*Your goal*. Leaving pictures aside, set down each line exactly, from the first line of the data to the line with "The name Tareq", both included.

[Opening Data section section]

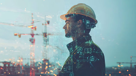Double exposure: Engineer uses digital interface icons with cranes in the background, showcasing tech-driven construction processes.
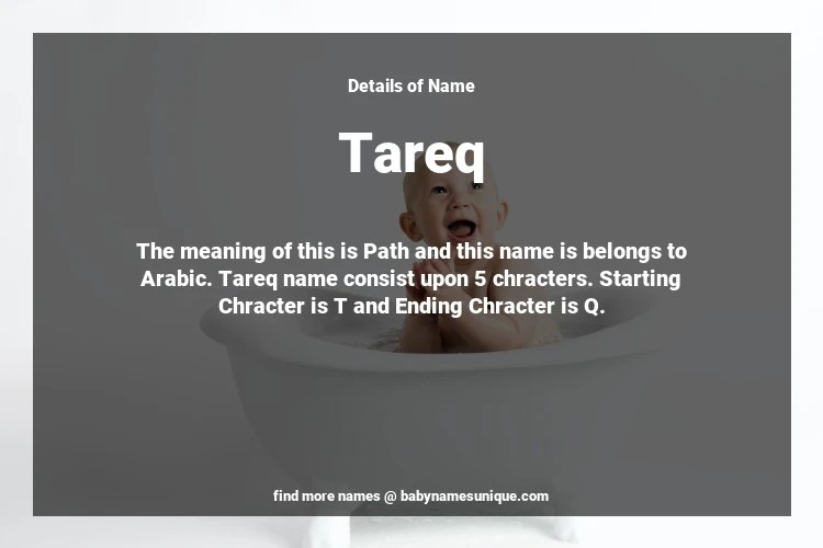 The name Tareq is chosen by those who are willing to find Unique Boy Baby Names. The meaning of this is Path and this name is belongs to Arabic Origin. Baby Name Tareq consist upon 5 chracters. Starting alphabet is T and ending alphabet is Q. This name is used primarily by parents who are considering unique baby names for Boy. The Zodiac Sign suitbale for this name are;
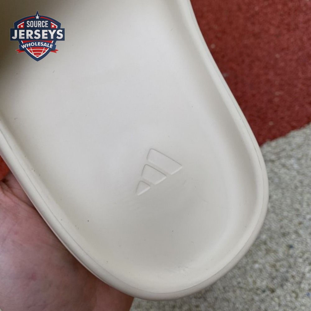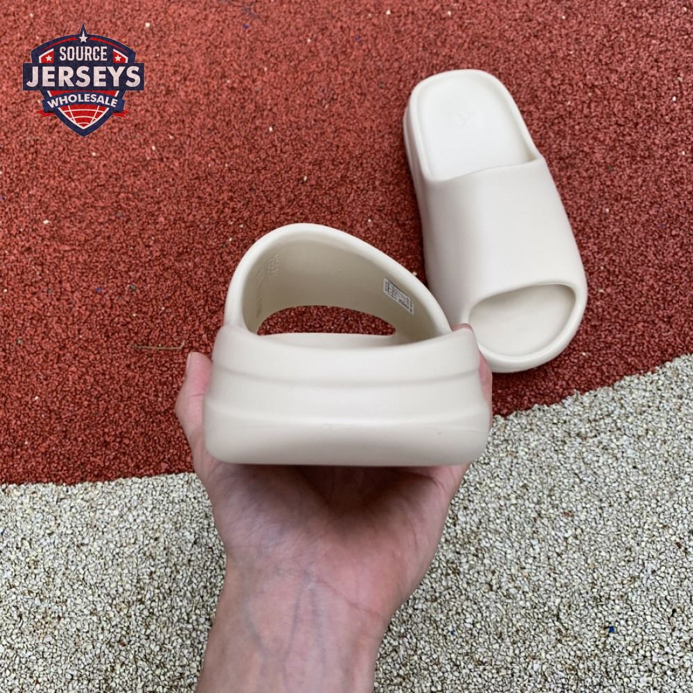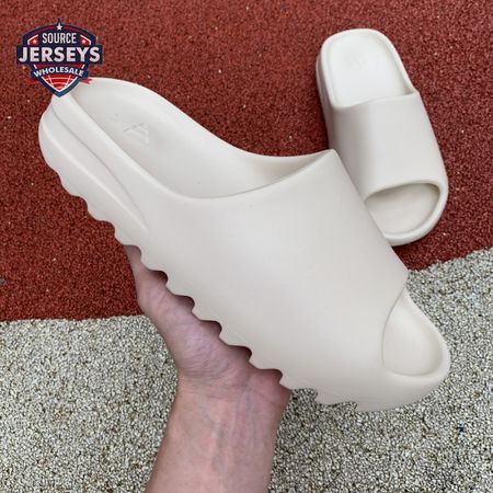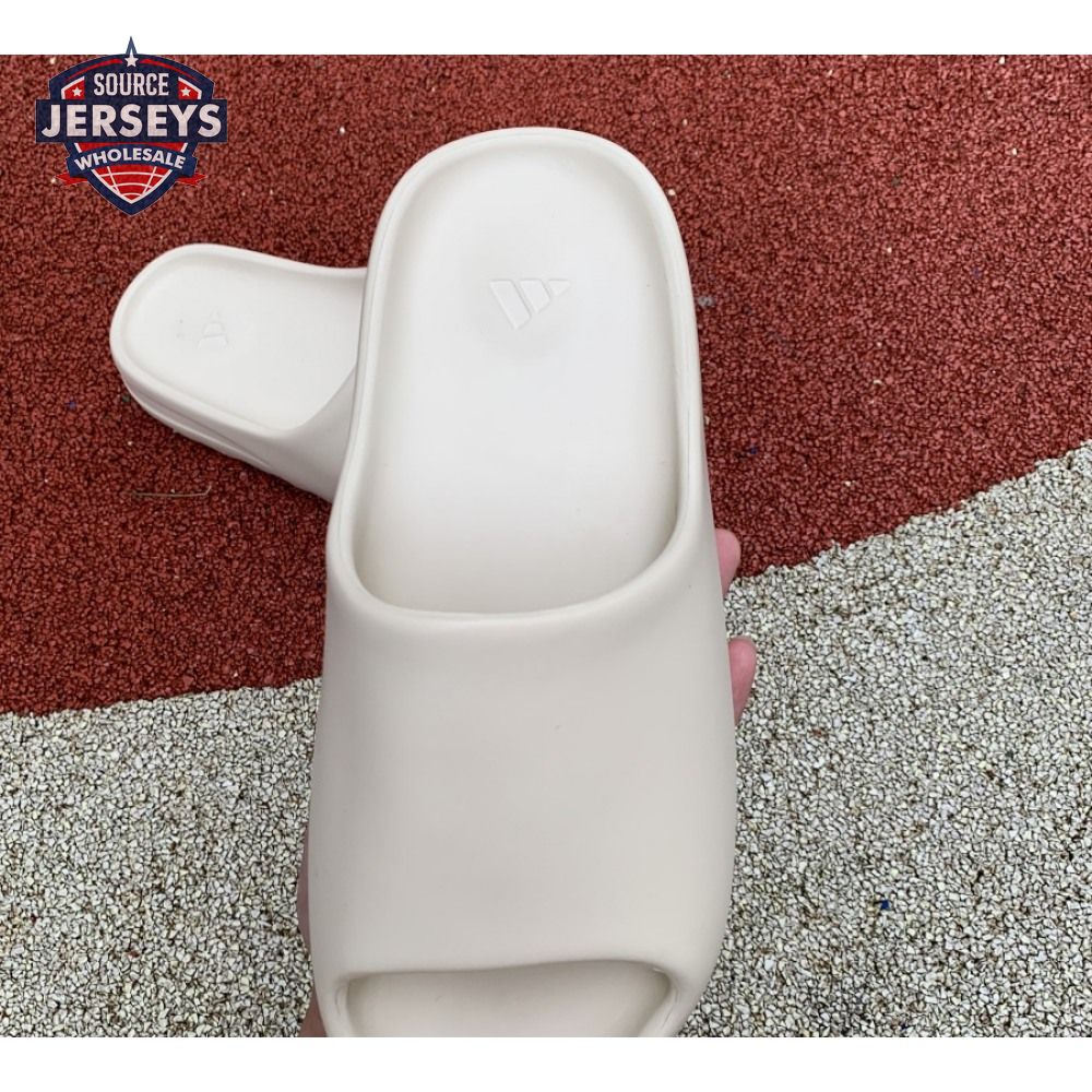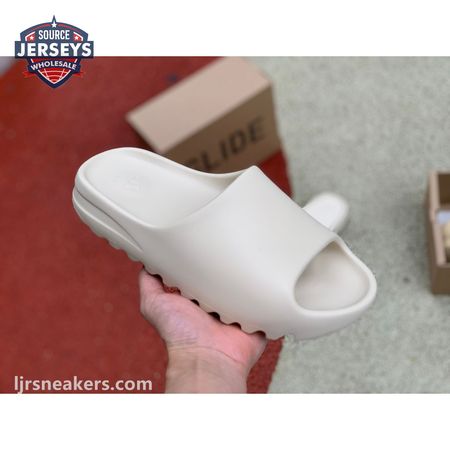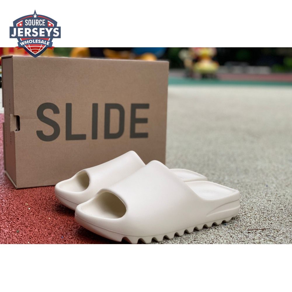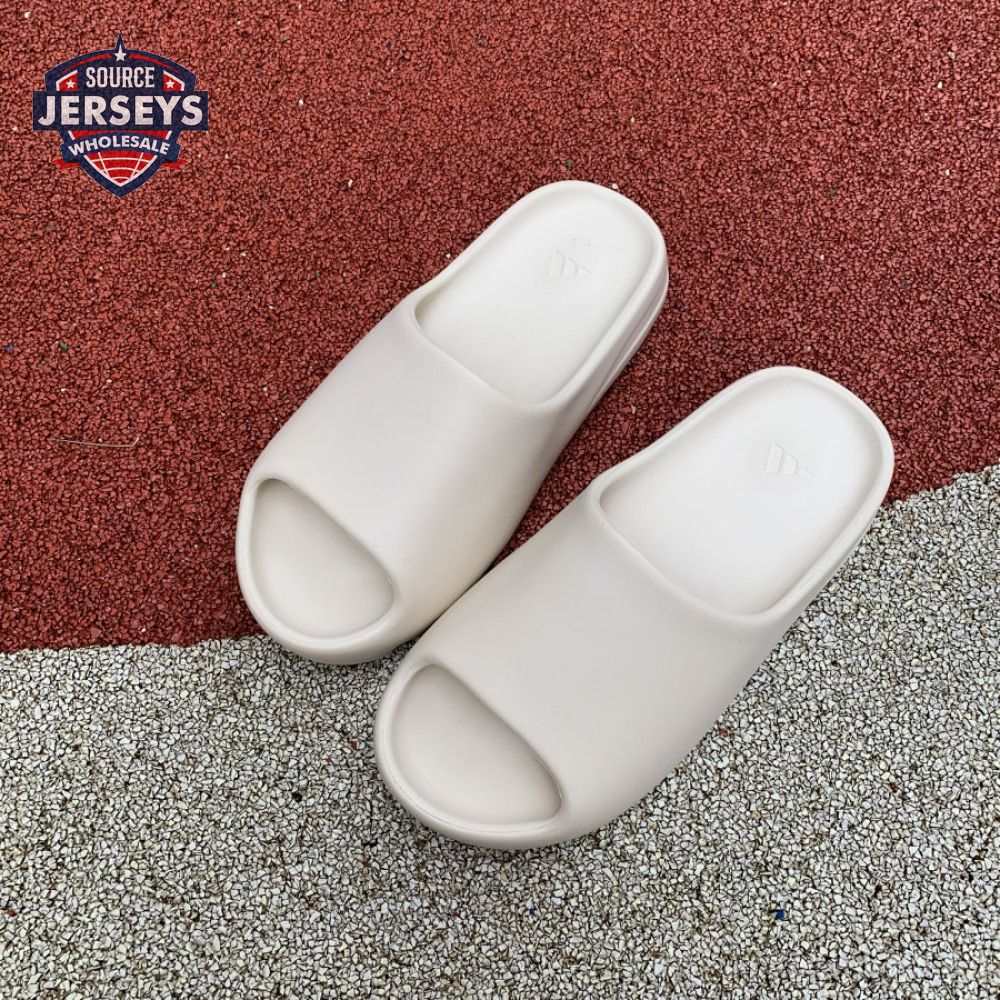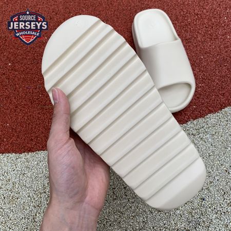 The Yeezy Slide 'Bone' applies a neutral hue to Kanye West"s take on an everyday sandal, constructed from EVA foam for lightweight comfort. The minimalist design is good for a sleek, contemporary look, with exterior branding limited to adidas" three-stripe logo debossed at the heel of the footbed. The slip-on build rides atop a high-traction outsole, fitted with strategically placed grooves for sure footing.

[Closing Data section section]

*Output of the exercise*.
Double exposure: Engineer uses digital interface icons with cranes in the background, showcasing tech-driven construction processes.
 The name Tareq is chosen by those who are willing to find Unique Boy Baby Names. The meaning of this is Path and this name is belongs to Arabic Origin. Baby Name Tareq consist upon 5 chracters. Starting alphabet is T and ending alphabet is Q. This name is used primarily by parents who are considering unique baby names for Boy. The Zodiac Sign suitbale for this name are;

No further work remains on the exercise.